Monday, December 04, 2006

There’s No Such Thing as Too Much Love

So goes the popular Country song. At a recent meeting of the Loudoun County Board of Supervisors, the question of too much mixed-use development was raised. In my opinion “mixed-use” can be added to the list of things we can not get too much of.

Mixed-use development is not new. Downtown Leesburg is as mixed as it comes. Residences are built over shops. Leesburg was planned and built before the automobile during a time when you walked to work. Horse dung was the pollutant du jour, not exhaust fumes. As our country industrialized and the automobile replaced the horse tract housing development became the norm. The demand for housing and roads accelerated at a phenomenal rate after World War II when 16 million veterans returned home. The baby and housing boom was on. Bill Levitt understood the tidal wave of demand for housing and the market for large low cost housing developments. Roosevelt talked about the dream of a chicken in every pot and a car in every garage. Eisenhower introduced the Interstate Highway System. The idea of walking to shop and work was lost on everyone except those living in very dense urban cities like New York where a car just does not work very well.

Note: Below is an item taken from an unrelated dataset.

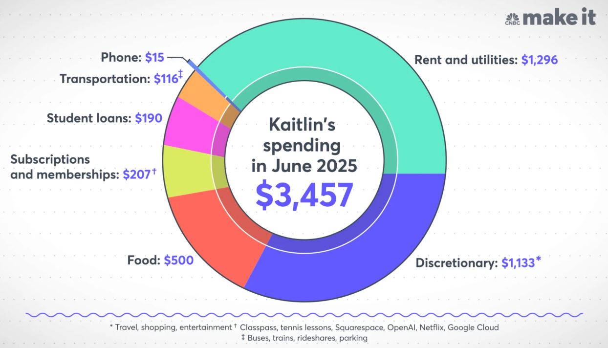 Ως ελεύθερος επαγγελματίας φροντίζει να κρατά για τον εαυτό της 3.000 δολάρια το μήνα, αρκετά για να καλύπτει τα βασικά της έξοδα. Τα υπόλοιπα έσοδα κατευθύνονται στις πληρωμές των φοιτητικών της δανείων, ένα μέρος πάει σε αποταμιεύσεις και επενδύσεις.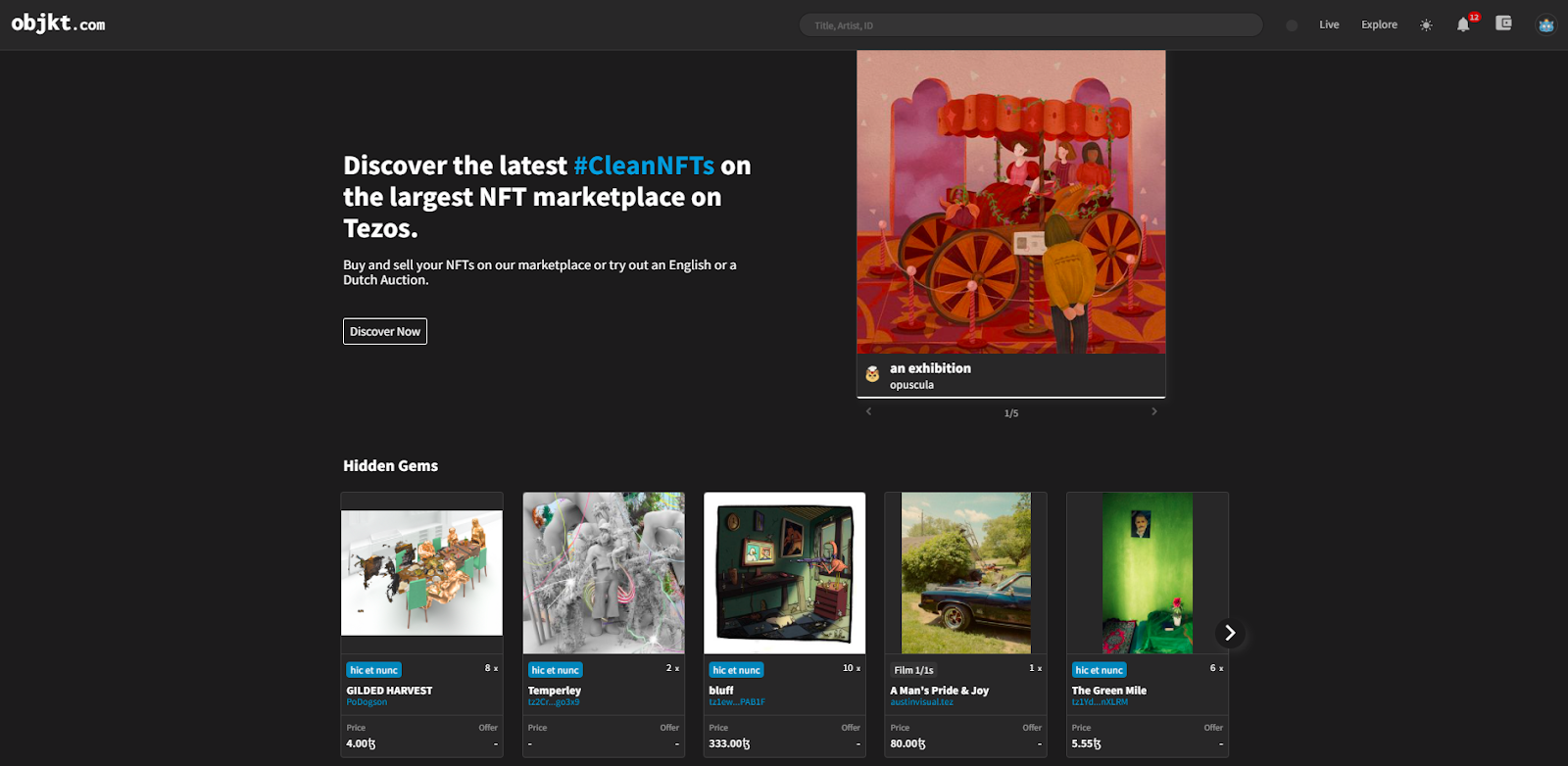 Last year, the Tezos cryptoart marketplace that really brought the Tezos NFT scene to life was Hic et Nunc (HEN), yet that project has since faced some tribulations and in turn has given way to newer Tezos NFT projects like objkt.com and fxhash.

In the mid 1960s developers began to see that the old mixed-use model could actually work in the modern world of mass transit and the automobile. Employees were attracted to companies with offices close to where they could work and shop. Robert E. Simon was one of the early visionaries and his dream took shape in the form of RESTON. Others like Jim Rouse conceived Columbia, Maryland, a self-contained planned community. Columbia, which in the 1960s was almost entirely rural farm land, has a population of over 90,000. Reston’s population exceeds 56,000. Reston Town Center has become the focal point for retail and commercial businesses as well as a cultural center hosting summer concerts and recreation, like ice skating, in the heart of the project.

The Peterson Company watched this happen and developed Fairfax Corner at Fair Lakes, the Washingtonian Center in Gaithersburg, and has given rebirth to downtown Silver Spring. The newest Peterson project, National Harbor, is attracting literally Olympic fame.

So why aren’t our leaders more receptive when mixed-use projects like Village at Leesburg, One Loudoun, and Crosstrail are proposed? We should stop treating developers as devils. They have done more to improve our quality of life than government – local, state or federal. These developers deserve our support and encouragement not the negativism that they are confronted with at every turn.